In Rossi v. Progressive Insurance, the insured was driving when he turned left across a lane of incoming traffic, colliding with an oncoming vehicle. He alleged significant injuries to his shoulders and lumbar and thoracic spines in the accident, and he claimed that he had seen various medical professionals as a result. The insurer covered the insured with an automobile insurance policy, and it promptly assigned his claim to a specialist.
The claim specialist contacted the other driver’s insurer, which told him that the other driver’s coverage limit was $100,000 and the full value of the insured’s claim was only about $20,000-$25,000 at the time. In addition, the insured’s attorney repeatedly failed throughout the process to respond to letters and phone calls from the insurer’s claim specialist that requested certain documentation.
A long additional string of events occurred over two years concerning the release of medical records, independent medical examinations, and liability for the accident. The insurer had investigated the accident scene and determined that the light was red when the insured turned left immediately before the accident. When ultimately determining liability for the accident, the insurer felt that the insured was 60-80% at fault. The insurer eventually made a settlement offer for the policy limit of $30,000, but by that point the insured believed his claim was worth over $100,000.

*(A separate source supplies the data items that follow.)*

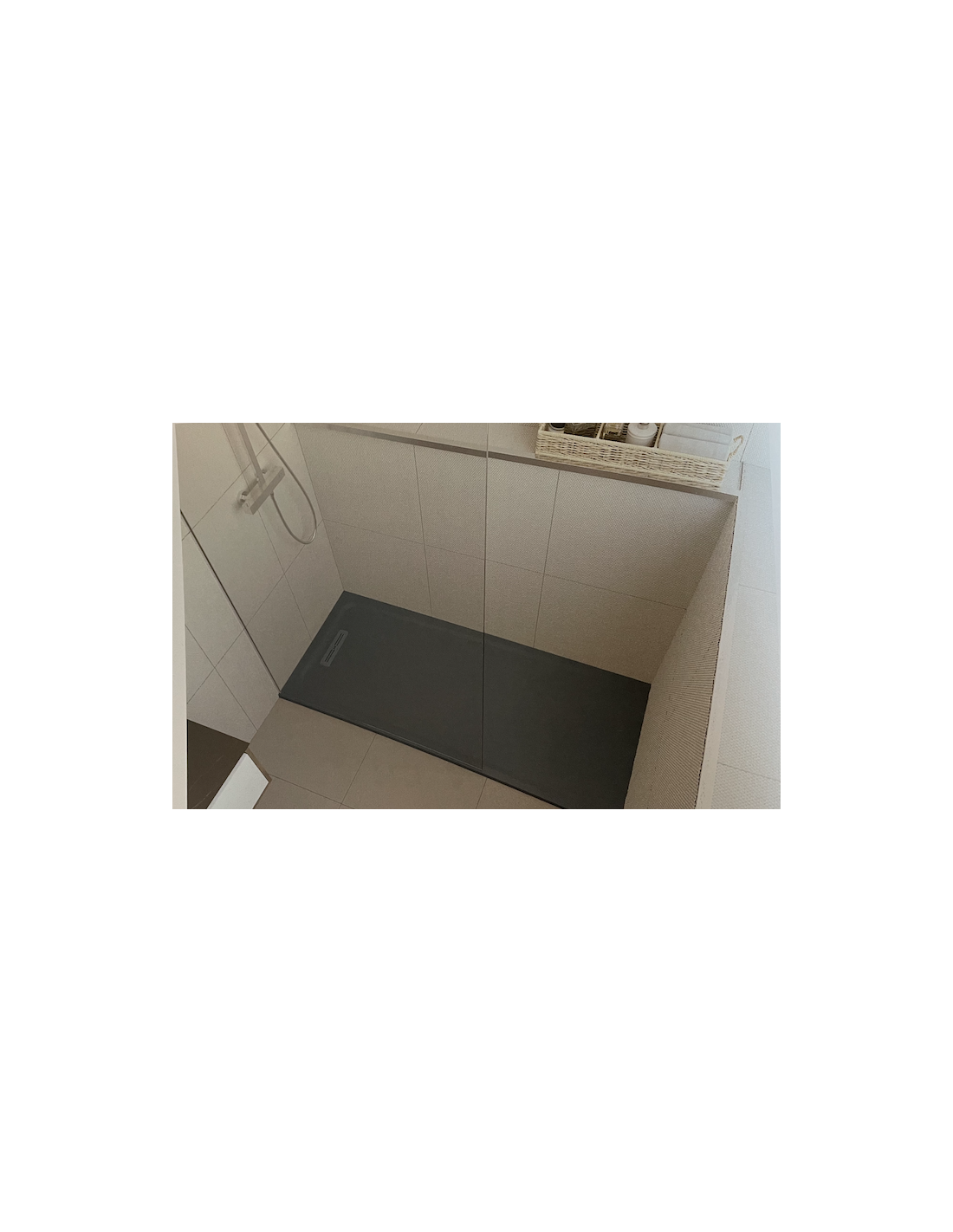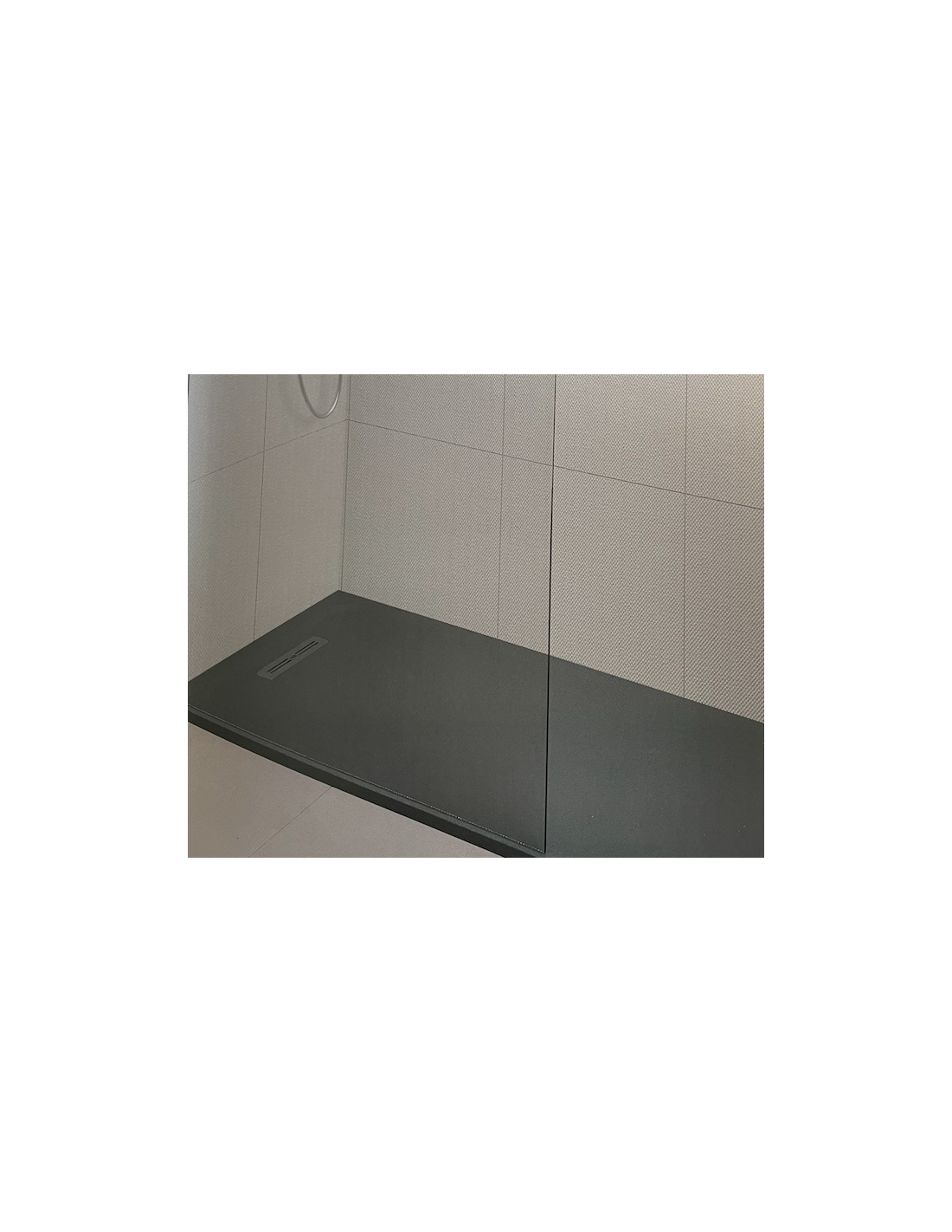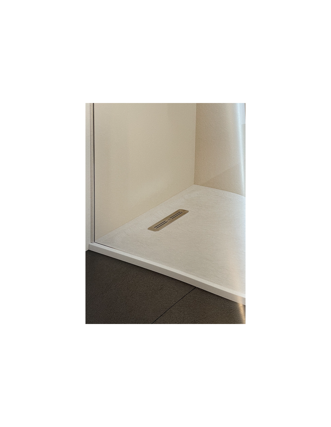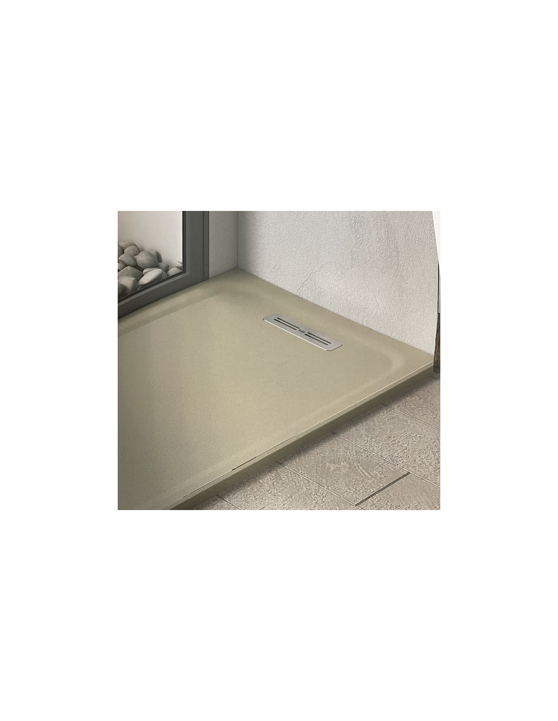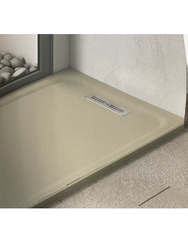 PLATO DE DUCHA: desagüe lineal de gran caudal (60l/min), con una textura smooth.
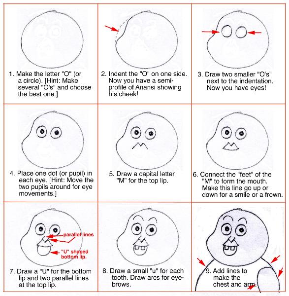| Print this and... DRAW ANANSI'S PORTRAIT IN 9 EASY STEPS (For all ages) [Materials: Paper, #2 pencil, black (fine or medium) marker, color markers (or crayons, or color pencils), and a mirror.] However, before drawing Anansi you may first need a WARM-UP EXERCISE. |
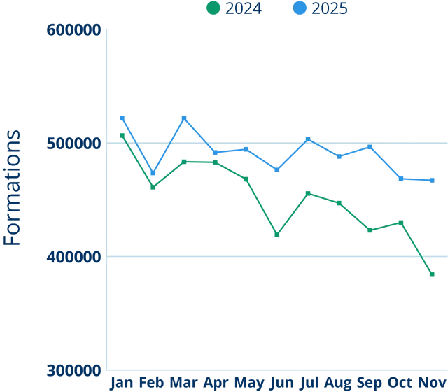 Unlike the US Census Bureau Business Statistics report, we do not differentiate between business entities that go on to hire employees and file payroll taxes. We count every entity formed, so our numbers include holding companies, single-member LLCs, and non-employer businesses.
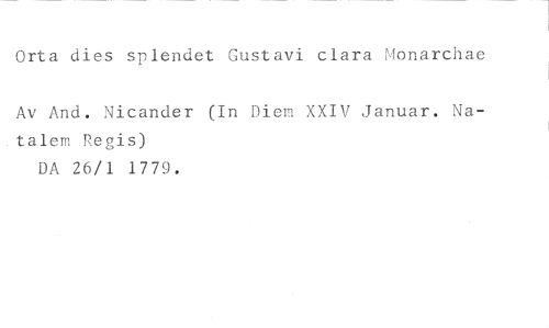 Orta dies splendet Gustavi clara Monarchae //// Av And. Nicander (In Diem XXIV Januar. Natalem Regis) //// DA 26/1 1779.
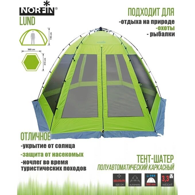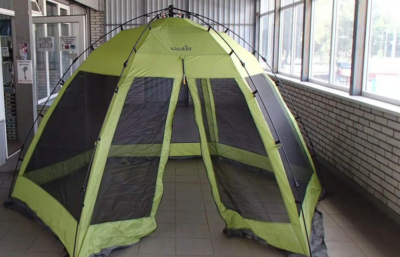 Шатер Norfin зеленый - летний каркасный шатер, идеально подходящий для рыбалки и кемпинга. Он обеспечит надежную защиту от ветра и влаги благодаря проклеенным герметизированным швам.
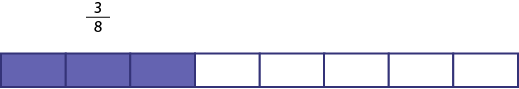 | If the denominator of a fraction is much larger than the numerator, the fraction represents a small amount, and the fraction is near 0. Thus, \(\frac{3}{{25}}\) is near 0. | If the numerator of a fraction is approximately half the denominator, the fraction is close to \(\frac{1}{2}\). Thus, \(\frac{3}{8}\) is close to \(\frac{1}{2}\). One could add that \(\frac{3}{8}\) is slightly less than \(\frac{1}{2}\), because \(\frac{3}{8}\) is less than \(\frac{4}{8}\), which is \(\frac{1}{2}\). | If the numerator of a fraction is approximately equal to the denominator, the fraction is close to 1 because it almost entirely represents the whole. Thus, \(\frac{9}{10}\) is close to 1. |

The insured and his wife then filed a Complaint containing counts for breach of contract and bad faith. The parties were able to settle the breach of contract claim but not the bad faith count. The insurer then filed a motion for summary judgment on the bad faith claim, which was before the court in this opinion.
The court first noted a major mistake by the insured- after the insurer filed its own
statement of material facts, the insured was required to respond with his own statement of facts setting forth which facts were materially in dispute. He never filed this statement, and the court therefore had to deem all of the insurer’s alleged facts in that statement to be admitted (while still viewing them in the light most favorable to the insured) [Thus, the facts mentioned above were put forth by the insurer.]

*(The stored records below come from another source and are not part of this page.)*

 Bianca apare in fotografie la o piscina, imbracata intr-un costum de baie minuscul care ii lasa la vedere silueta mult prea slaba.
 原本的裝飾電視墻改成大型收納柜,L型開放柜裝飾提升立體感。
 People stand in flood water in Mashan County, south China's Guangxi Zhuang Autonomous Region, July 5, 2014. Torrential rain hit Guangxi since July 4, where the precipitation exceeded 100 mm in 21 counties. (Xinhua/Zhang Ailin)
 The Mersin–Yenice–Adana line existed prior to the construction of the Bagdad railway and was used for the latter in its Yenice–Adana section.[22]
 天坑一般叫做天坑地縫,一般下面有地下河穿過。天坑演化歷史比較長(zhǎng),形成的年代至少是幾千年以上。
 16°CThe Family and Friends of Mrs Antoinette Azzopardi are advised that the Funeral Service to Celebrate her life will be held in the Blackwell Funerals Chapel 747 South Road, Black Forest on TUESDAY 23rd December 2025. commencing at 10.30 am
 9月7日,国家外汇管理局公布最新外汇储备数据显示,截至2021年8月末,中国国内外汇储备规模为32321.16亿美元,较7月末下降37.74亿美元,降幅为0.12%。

The court then determined that “no reasonable fact-finder could find that [the insured] has proven [the insurer’s] bad faith by clear and convincing evidence.” It was reasonable to investigate liability for the accident because the insured failed to yield the right-of-way and it was reasonable to dispute the amount of damages and request numerous medical records and independent medical examinations before preparing an offer. Therefore, because the insured failed (under the insurer’s alleged facts) to demonstrate that the insurer acted with an improper motive, the court granted the insurer’s motion for summary judgment on the bad faith claim.
Date of Decision: April 25, 2011
Rossi v. Progressive Ins.
, Civil Action No. 3:09-CV-876, United States District Court for the Middle District of Pennsylvania, 2011 U.S. Dist. LEXIS 44097 (M.D. Pa. Apr. 25, 2011) (Caputo, J.)